Red Hat OpenShift stands out as a leader with a security-focused, supported Kubernetes platform. Red Hat OpenShift Dedicated is a fully managed cloud service for Red Hat OpenShift on cloud providers like AWS and Google Cloud. You can also choose among fully managed offerings that help reduce complexity like Microsoft Azure Red Hat OpenShift, Red Hat OpenShift on IBM Cloud, Red Hat OpenShift service on AWS. Managed cloud services using Red Hat OpenShift allow you to focus on building and scaling applications that add value to your business with the flexibility to choose your cloud vendor.
Red Hat Advanced Cluster Management for Kubernetes helps reduce operational costs with a unified management interface for managing Kubernetes clusters across on-premises, bare metal, vSphere and public cloud deployments. Features like multi-cluster health monitoring can help scan clusters across environments to identify and resolve issues impacting workloads, and more quickly remediating service outages.
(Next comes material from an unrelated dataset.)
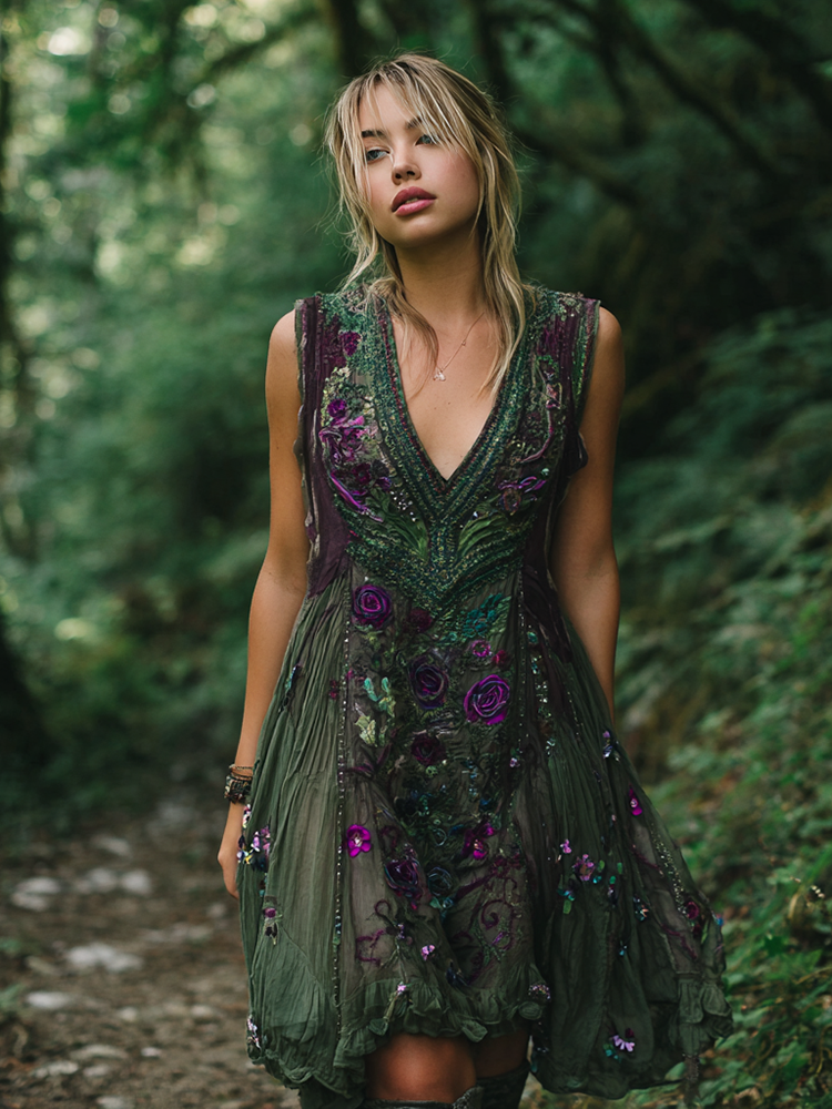 Vintage Purple Rose Embroidery Linen V Neck Sleeveless Dress

Consider implementing a serverless configuration
Serverless is a relatively new computing model used for building and running applications without having to manage the servers on which the application runs. Applications in a serverless environment are sets of one or more functions executed on demand and scaled dynamically to meet demand without the need for capacity planning.
A serverless computing model can be the model of choice for stateless, highly dynamic, asynchronous or concurrent workloads. Also, serverless fits well for infrequent, sporadic workloads where the request traffic is unpredictable and needs dynamic compute capacity. It eliminates the overhead of server maintenance and companies pay only for compute time consumed. When used for DR environments, set-up costs are minimal and charges are incurred only when events are routed to it.
To learn more about serverless, its benefits, and common use cases, you can refer to the whitepaper published by CNCF Serverless Working Group.
Including DR and automation as part of initial application design and development will help inject the required design patterns and DevOps practices to build a resilient cloud-native application, reducing the operations cost and bringing consistent availability to the application.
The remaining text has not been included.